PROBLEM TO WORK ON -
Images are not part of the copy; write out the rest of the data exactly as given.

DATA EXCERPT -
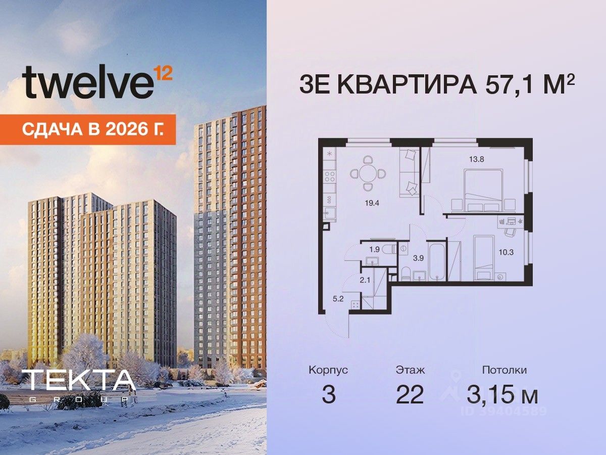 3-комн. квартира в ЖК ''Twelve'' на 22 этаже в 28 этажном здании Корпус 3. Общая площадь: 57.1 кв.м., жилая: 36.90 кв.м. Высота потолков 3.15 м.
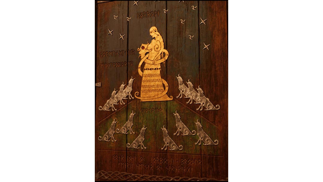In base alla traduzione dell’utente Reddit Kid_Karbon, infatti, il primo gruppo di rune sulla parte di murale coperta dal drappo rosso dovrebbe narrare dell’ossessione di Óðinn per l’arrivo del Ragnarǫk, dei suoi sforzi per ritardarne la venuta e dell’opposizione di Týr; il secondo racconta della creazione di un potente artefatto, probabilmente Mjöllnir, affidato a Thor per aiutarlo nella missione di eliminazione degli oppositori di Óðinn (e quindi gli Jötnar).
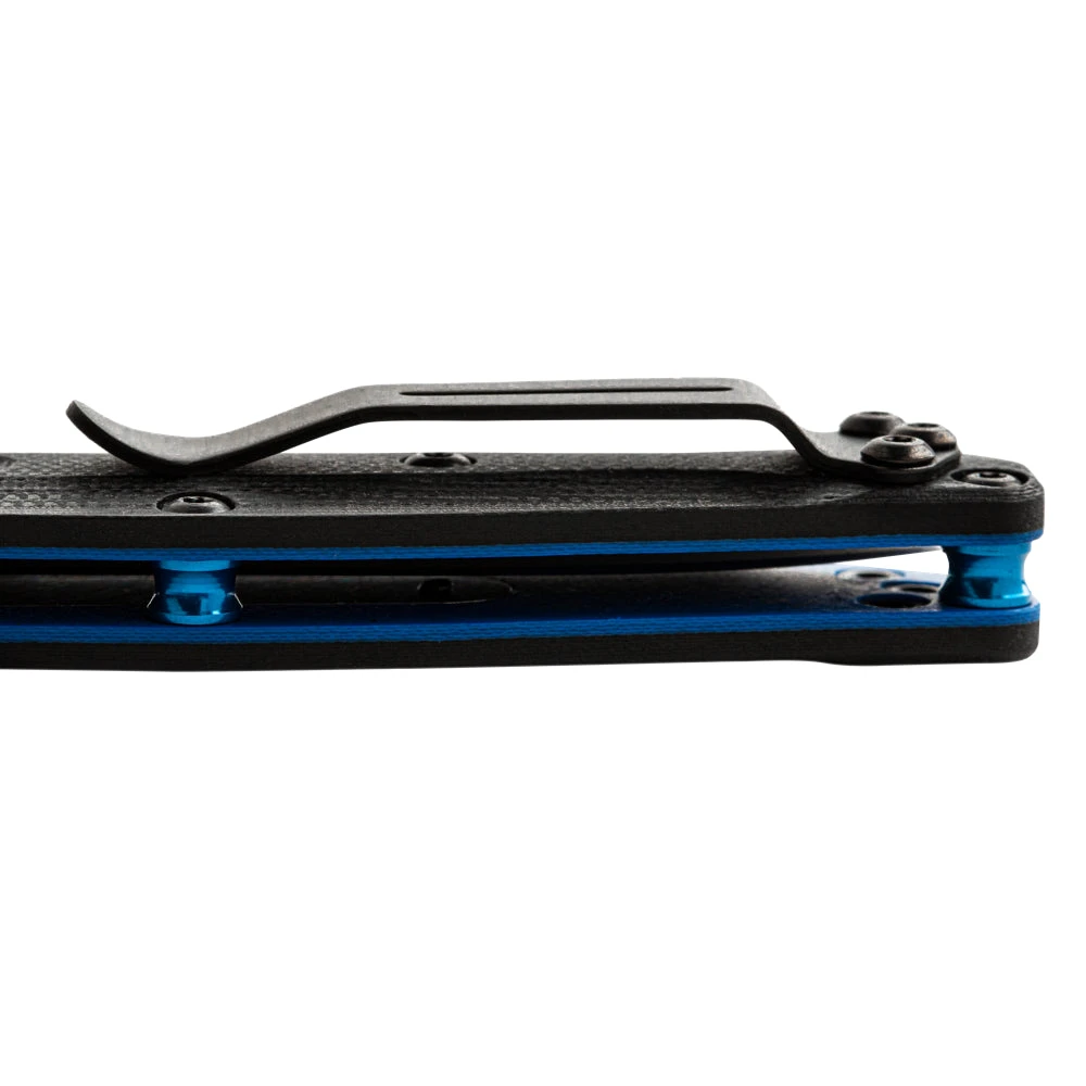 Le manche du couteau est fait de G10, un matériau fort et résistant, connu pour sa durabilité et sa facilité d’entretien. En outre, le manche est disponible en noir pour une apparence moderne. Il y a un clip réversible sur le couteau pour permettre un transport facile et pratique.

TASK SOLUTION -
 3-комн. квартира в ЖК ''Twelve'' на 22 этаже в 28 этажном здании Корпус 3. Общая площадь: 57.1 кв.м., жилая: 36.90 кв.м. Высота потолков 3.15 м.
In base alla traduzione dell’utente Reddit Kid_Karbon, infatti, il primo gruppo di rune sulla parte di murale coperta dal drappo rosso dovrebbe narrare dell’ossessione di Óðinn per l’arrivo del Ragnarǫk, dei suoi sforzi per ritardarne la venuta e dell’opposizione di Týr; il secondo racconta della creazione di un potente artefatto, probabilmente Mjöllnir, affidato a Thor per aiutarlo nella missione di eliminazione degli oppositori di Óðinn (e quindi gli Jötnar).
 Le manche du couteau est fait de G10, un matériau fort et résistant, connu pour sa durabilité et sa facilité d’entretien. En outre, le manche est disponible en noir pour une apparence moderne. Il y a un clip réversible sur le couteau pour permettre un transport facile et pratique.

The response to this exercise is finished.